Apache Iceberg is an open table format for large analytic tables typically stored on object storage. RisingWave offers comprehensive support for working with Iceberg tables, enabling you to leverage Iceberg’s capabilities within your streaming pipelines. RisingWave provides two distinct approaches for working with Iceberg, each designed for different use cases and architectural patterns.

The pipeline way: use Iceberg as sources/sinks

This approach is ideal when you have existing Iceberg tables created by systems like Spark, Flink, or batch jobs, and you want RisingWave to read from or write to them as part of a larger data ecosystem.
  • Use cases:
    • Existing data lakes with Iceberg tables managed by other systems.
    • Multi-system architectures where multiple applications need to read/write the same Iceberg tables.
    • Integration into existing data workflows and pipelines.
  • Key capabilities:
    • Read from Iceberg: Ingest data from existing Iceberg tables into RisingWave for stream processing.
    • Write to Iceberg: Stream processed results from RisingWave into existing Iceberg tables.

The database way: create and manage Iceberg tables natively

Choose this approach when you want RisingWave to be the primary owner of your Iceberg tables.

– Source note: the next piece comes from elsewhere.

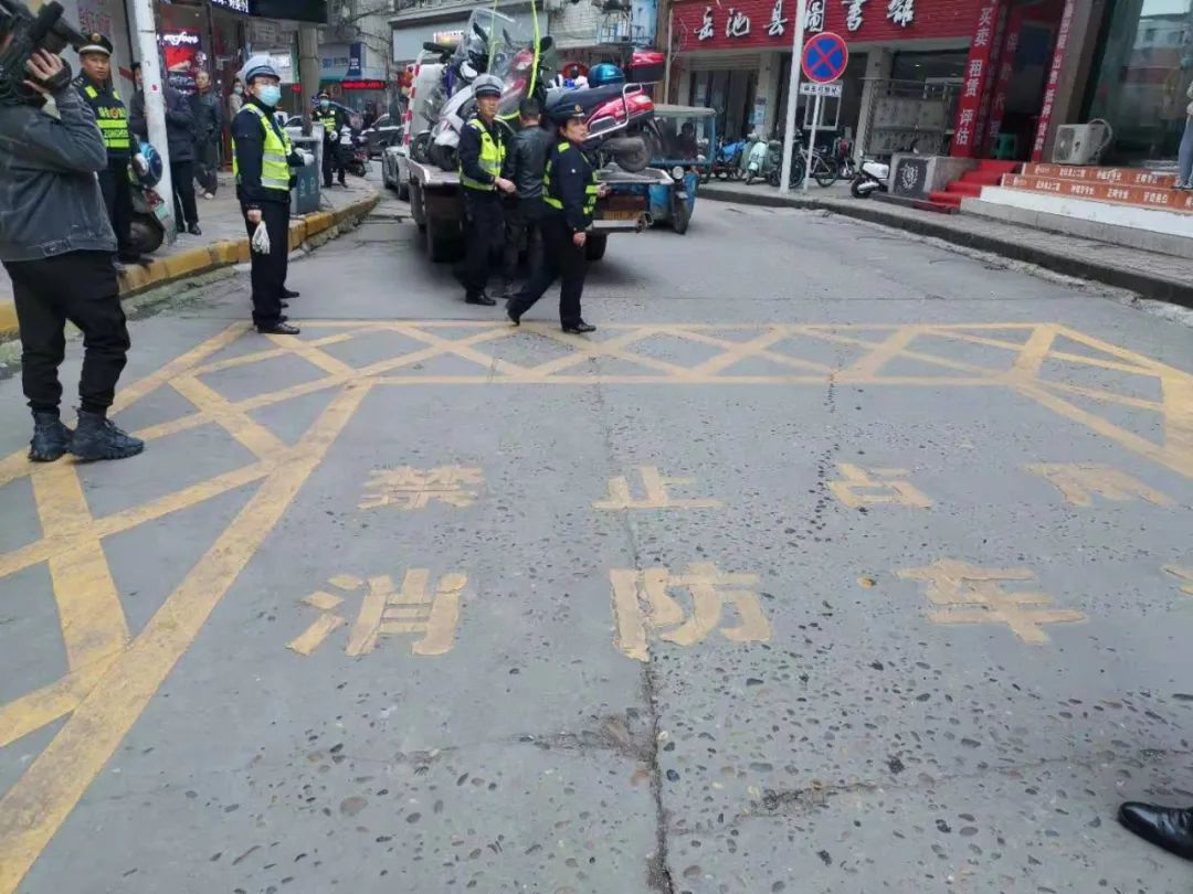 与此同时,在环城东路和财富中心的消防通道,交警大队民警和综合行政执法局的工作人员,正在对占用堵塞消防车通道的非机动车进行拖移,并对相关违停的机动车作出处罚。

RisingWave handles table creation, schema management, and the complete lifecycle while storing data in the standard Iceberg format.
  • Key benefits:
    • Simplified architecture: No external catalog setup required with the hosted catalog option.
    • Streaming-first: Direct path from streaming sources to Iceberg format.
    • Native management: Tables work like any other RisingWave table for queries and operations.
    • Ecosystem compatibility: Standard Iceberg tables readable by Spark, Trino, Flink, etc.
  • Key capabilities:
    • Iceberg table engine: Create tables using ENGINE = iceberg to store data natively in the Iceberg format.
    • Hosted Iceberg catalog: Use RisingWave’s built-in catalog service to eliminate external catalog setup.

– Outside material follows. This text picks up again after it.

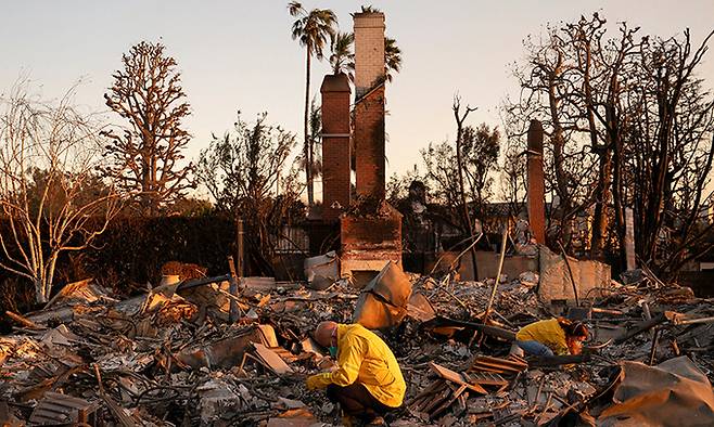 | 잿더미로 변한 주택가 미국 캘리포니아주 남부에서 발생한 대형 산불이 서부 최대 도시 로스앤젤레스(LA)와 인근 지역을 초토화하고 있는 가운데 11일(현지시간) LA 인근 고급 주택지구인 퍼시픽 팰리세이즈에서 주민들이 화재로 소실된 집의 잔해를 살펴보고 있다. LA=로이터연합뉴스 |

Understanding RisingWave’s Iceberg integration

Storage architecture

It’s important to understand that RisingWave’s own internal storage system (Hummock) also uses object storage (like S3) to persist data, but it uses a row-based format optimized for RisingWave’s internal operations. When working with Iceberg, you are storing or accessing data in the columnar Iceberg format on object storage, which is designed for analytical workloads and ecosystem interoperability.

Advanced features

Both approaches support advanced Iceberg features:
  • Time travel: Query historical snapshots of your data.
  • Schema evolution: Handle changing table schemas over time.
  • Partitioning: Optimize query performance with table partitioning.
  • Multiple storage backends: S3, Google Cloud Storage, Azure Blob Storage.
  • Various catalog types: Hosted, JDBC, AWS Glue, REST, Storage, Hive, Snowflake.